What was the customers Business Need/Challenge?
Client is India’s largest lending firm. Client had their month end customer segmentation processing solution built using SAS. SAS was not able to scale with lareg volumes of data((>500GB ) crunching and was running for more than 30days for each run, which was as a blocker for Business teams.
What solutions has Fragma delivered to drive the consumption of Azure?
Fragma Data provided a new scalable architecture using Azure Data Platform components – Spark over HDInsight for ETL, Spark ML for Classsification, Data Factory for orchestration, Polybase for copy and Spark MLLib for building the customer segmentation model using the entire customer data.
What impact did Fragma drive, how did the solution/offering address the customers business needs?
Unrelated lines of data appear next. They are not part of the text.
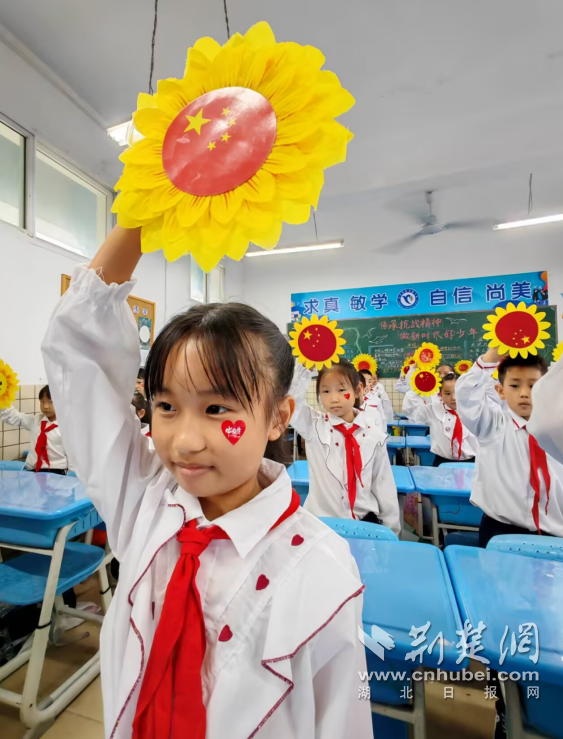 荆楚网(湖北日报网)讯(记者何鹏 通讯员罗薇)9月30日上午,江汉区航空路小学全体学生用自己最美的声音表达对祖国母亲的祝福。
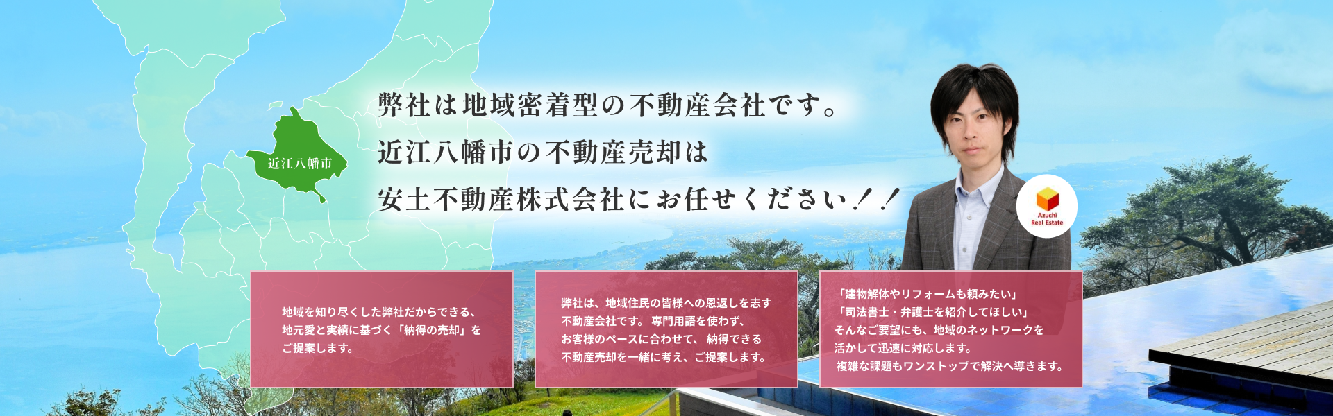 - 安土不動産は、その名の通り近江八幡市・安土町エリアを知り尽くした地域密着型企業です。地元出身の代表が、大手チェーンにはない「深い土地勘」と「独自の地域ネットワーク」を駆使し、物件の隠れた魅力までしっかりと評価。買い手に響く提案で、早期かつ納得価格での売却を実現します。「地元のことは地元の人に任せたい」そんなお客様の声に、フットワークの軽さと誠実な対応でお応えします。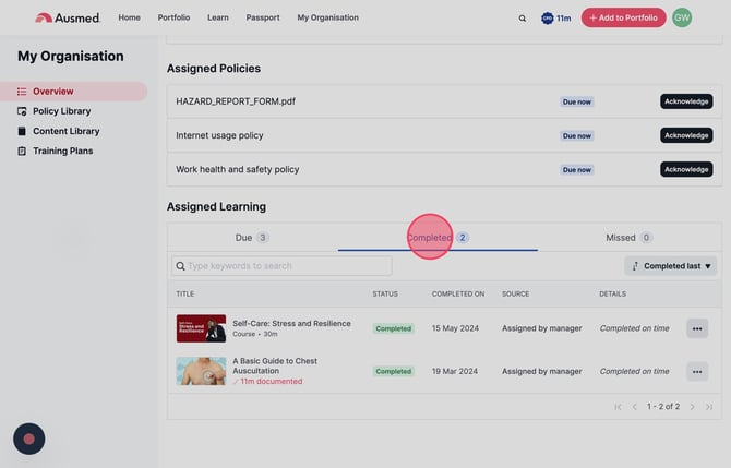- Next, click 'Overview' in the left-hand side menu. Then scroll down to your 'Assigned Learning' list and click on the 'Completed' section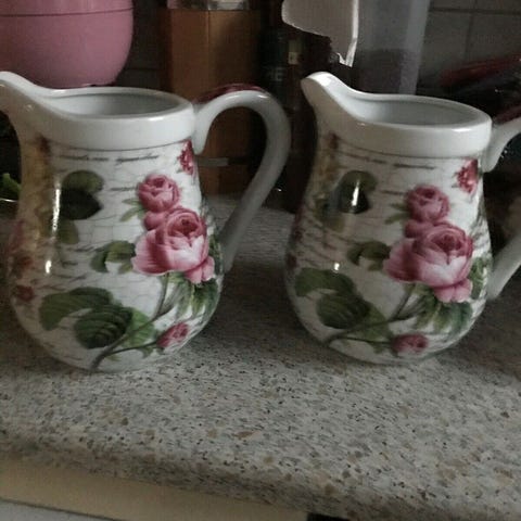 Porcelæn, Kande, Højden på den store kande er 18 cm og på de to andre kande er 9 cm.
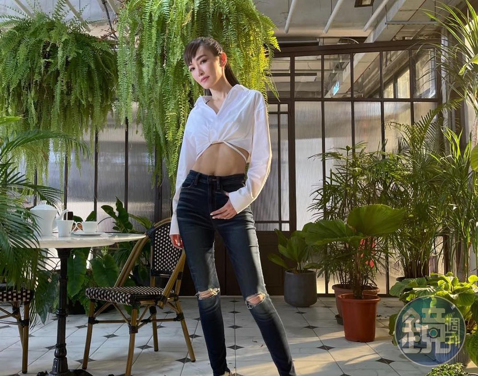 謝金燕上半身穿短版白襯衫、下半身搭配貼身牛仔褲,並露出腰部的健美腹肌。(翻攝自謝金燕臉書)謝金燕平常有健身,腰部的11字腹肌清晰可見。(翻攝自謝金燕臉書)謝金燕在社群平台分享一組照片,上半身是穿短版白襯衫、下半身搭配貼身牛仔褲,並露出腰部的健美腹肌,明顯線條不禁讓粉絲驚嘆,「姐姐也太正了吧,炫腹炫起來」「那腹肌真的強大」「這腹肌太狂了」「姐姐帥」「超完美身材」,還有粉絲問:「妳的腹肌可以分我一點嗎?」,謝金燕看到後妙回:「姐的毅力可以分給你很多點」,再度為粉絲打氣。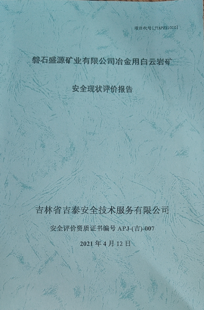 JTAP221010--磐石盛源礦業(yè)有限公司冶金用白云巖礦安全現(xiàn)狀評(píng)價(jià)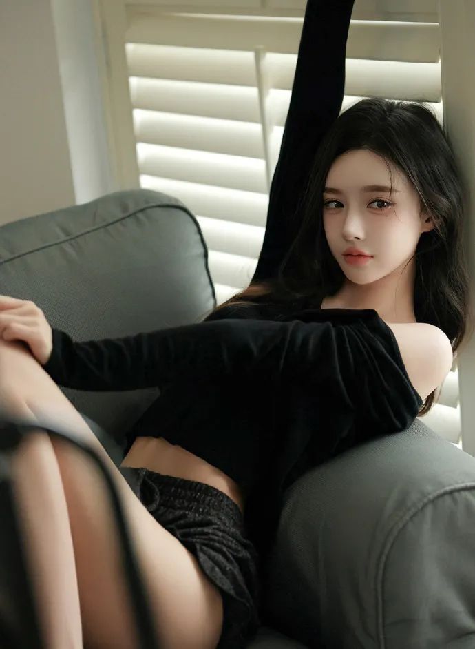小美橙身穿黑色上衣搭配同色系短裙,简约而不失时尚感。上衣的修身设计完美勾勒出她的曼妙身姿,短裙则巧妙地展现了她的修长美腿。棕色的长直发自然垂落,为整体造型增添了几分柔美与温婉。。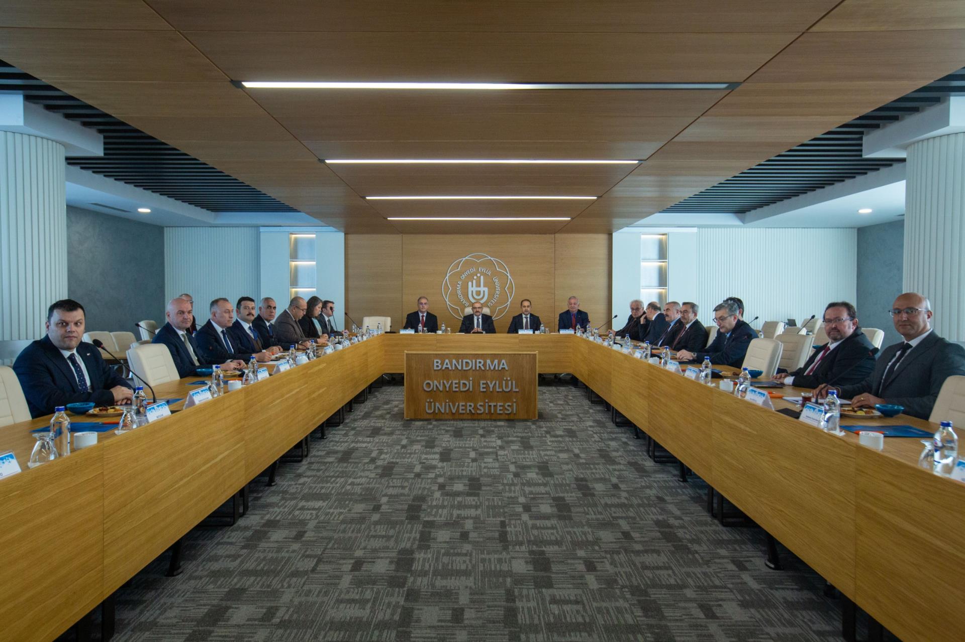 Balıkesir Valisi İsmail Ustaoğlu’nun konuşmasıyla başlayan toplantıda Vali Ustaoğlu, “Şehrimizin en önemli dinamiklerinden biri olan Bandırma Onyedi Eylül Üniversitemizde, tüm paydaşlarımızla bir araya gelmemiz bize büyük güç katmaktadır" ifadelerini kullandı. Toplantıda Rektörümüz Prof. Dr. İsmail Boz, Üniversitemizin kuruluşundan bu yana kaydettiği gelişmeleri ve geleceğe yönelik planlanan projeleri içeren detaylı bir sunum yaptı.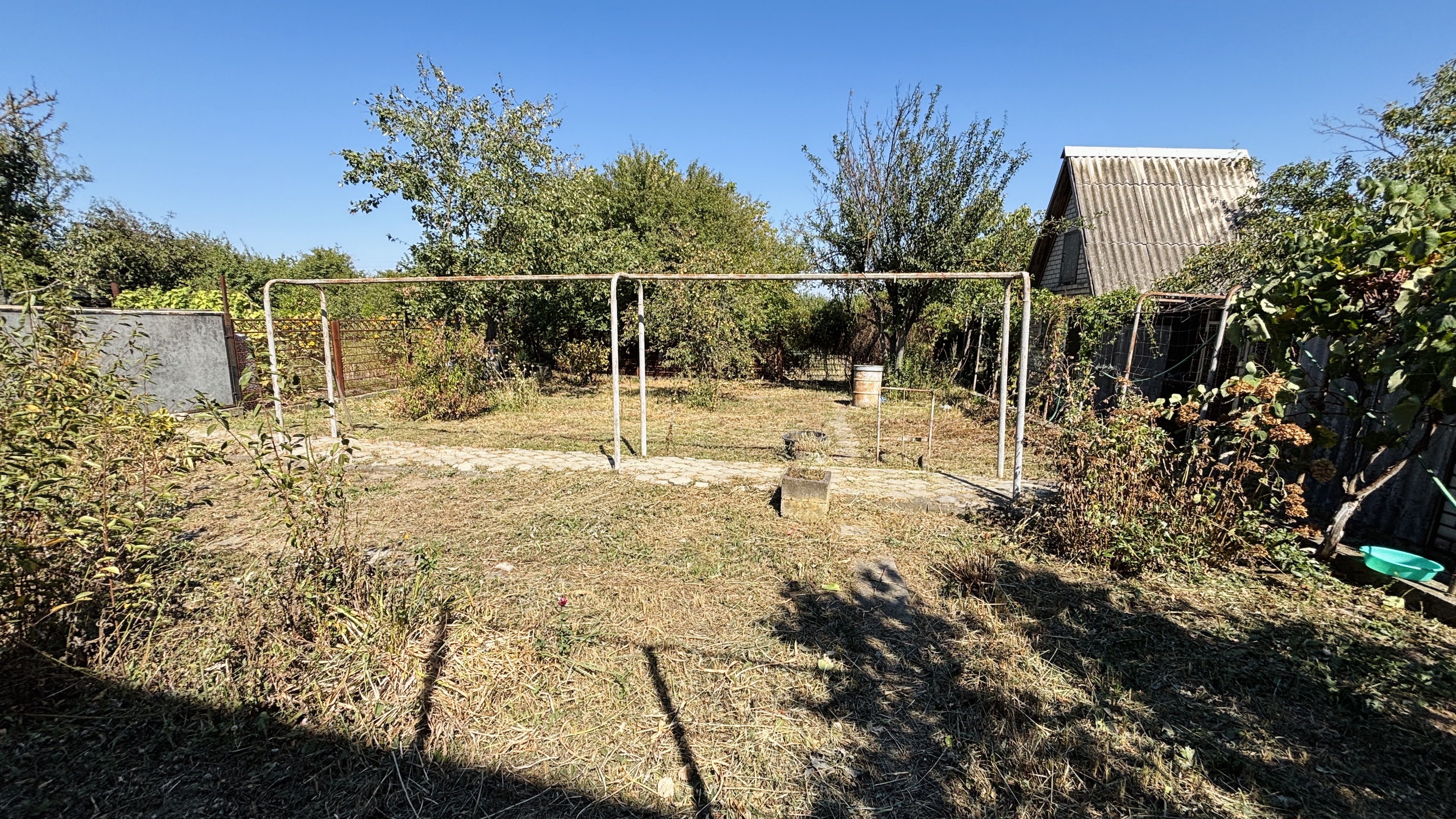 - Участок не пустой - растут плодовые деревья и виноград, что дает и тень, и свои фрукты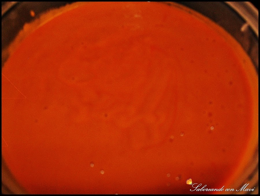 Preparar el salmorejo con tomates, pan del día anterior, sal, vinagre y aove.
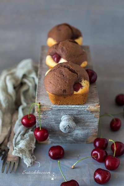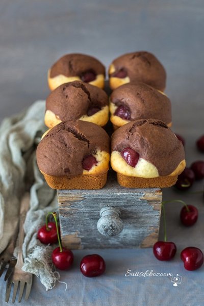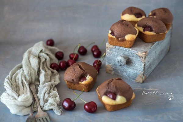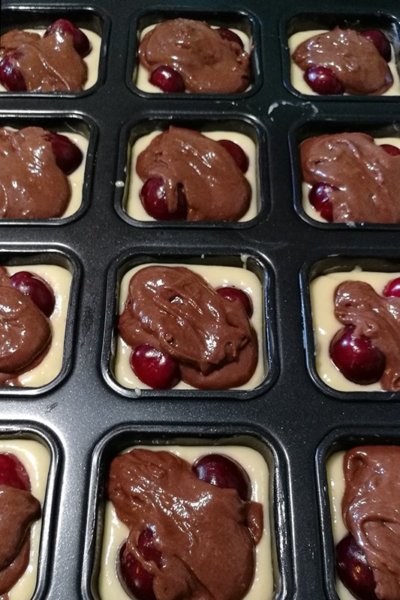A tojásokat a cukorral és az olvasztott vajjal habosra keverem. Hozzáöntöm a tejet és a sütőporral, citromhéjjal elkevert lisztet, és jól elkeverem. Kizsírozok egy kisebb tepsit (kb 20×20 cm) vagy egy kis kockákra formázott tepsit (Tescoban lehet kapni) és beleöntöm a tészta felét. Beleteszem a cseresznyéket a sima tepsibe csak szórjuk random bele, a kocka formájú tepsibe én 4-4 szemet tettem. A tészta másik feléhez hozzákeverem a kakaóport, jól eldolgozom benne majd a cseresznyés világos tészta tetejére kanalazom. 170 fokos előmelegített sütőben aranybarnára sütöm (kb. 20-25 perc).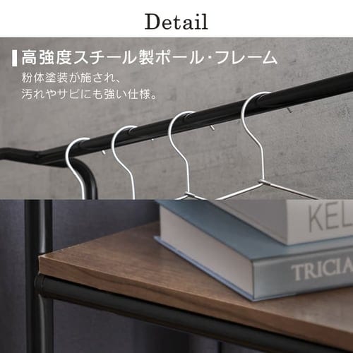 ハンガーパイプ部分はクロムメッキ加工を施したスチールを使用しており、ハンガーがこすれても色がはげない設計です。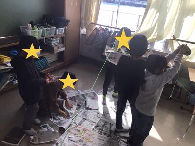 教室に張り巡らせた毛糸に、長くちぎった新聞紙をつけていきました。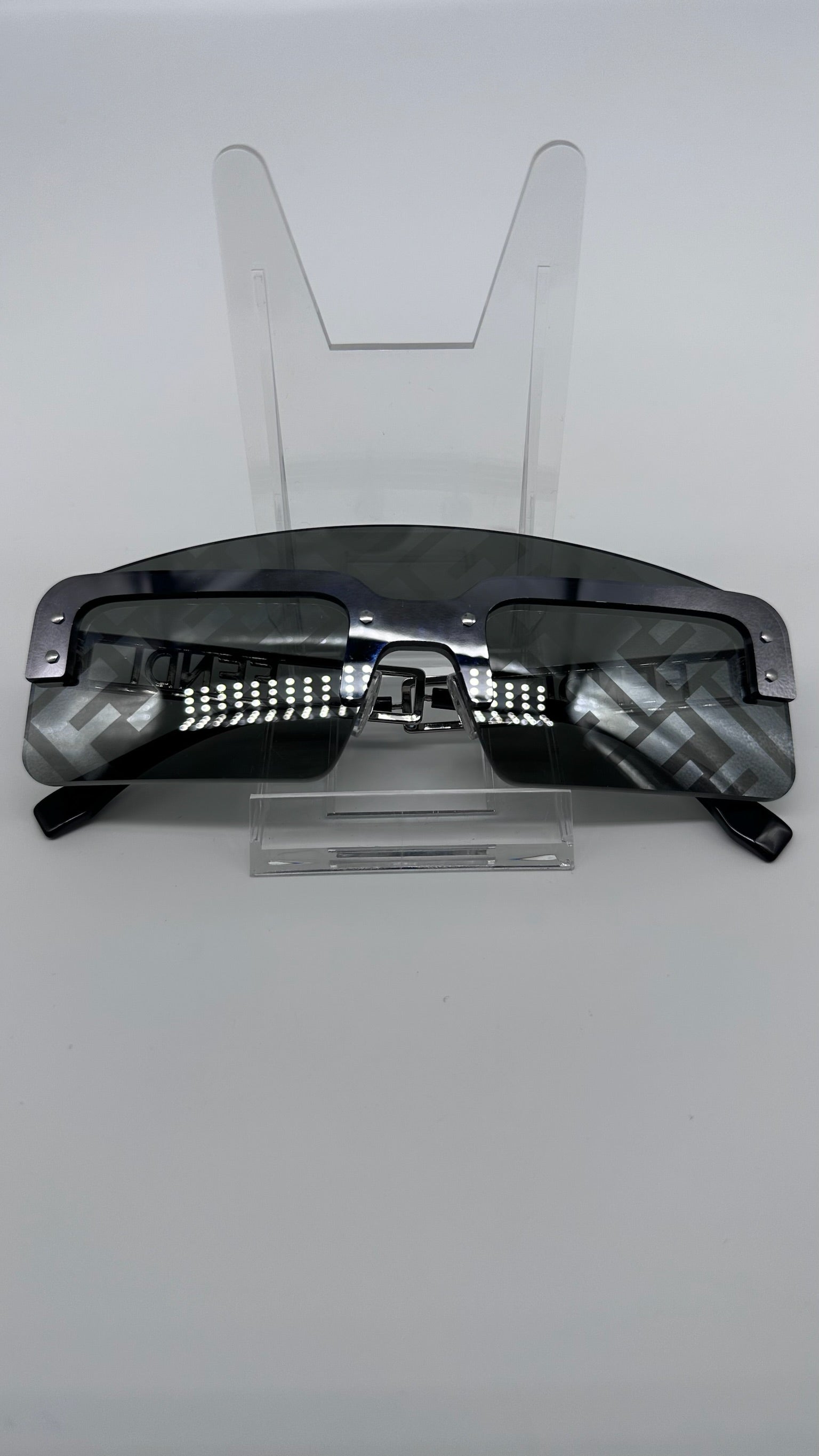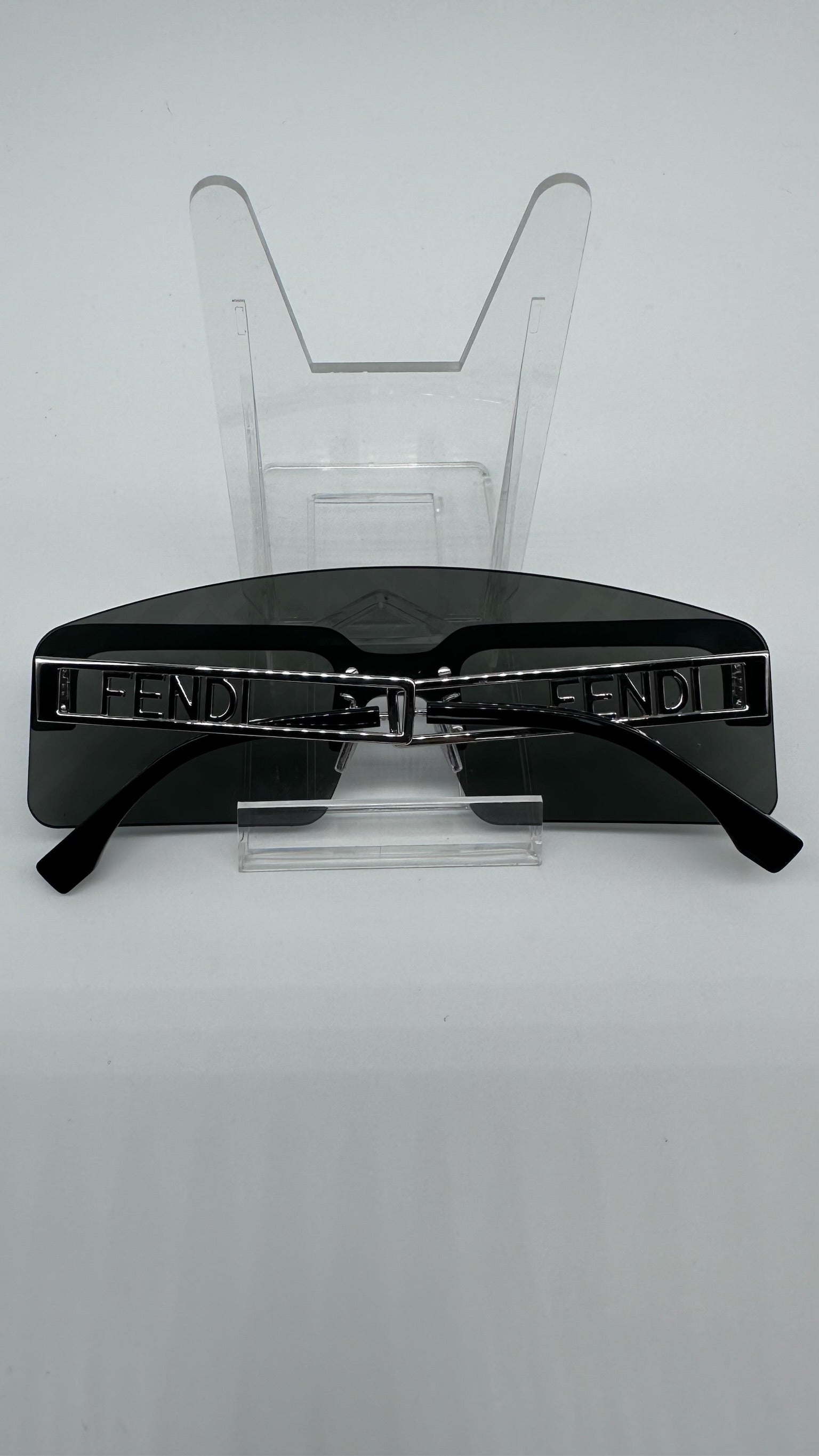Bold and futuristic, these Fendi Technicolor Shield Sunglasses feature a smoke mirrored lens etched with the iconic Fendi monogram and oversized rimless silhouette.

Earlier processing was taking more than 30days, in spark it has come down to about less than 14Hrs. This solution sets the benchmark to move all their SAS on-premise solutions to Azure HDInsights. This has massive impact across business teams, as they couldn’t run this process in SAS at all, this is an excellent case study for all other customers who are using SAS.
Polybase for copy to/from Azure EDW, Spark over HDInsight for ETL, Spark ML for Classification, Data Factory for orchestration. This biggest learning for client was to realize power of HDInsights for building Big Data Solutions.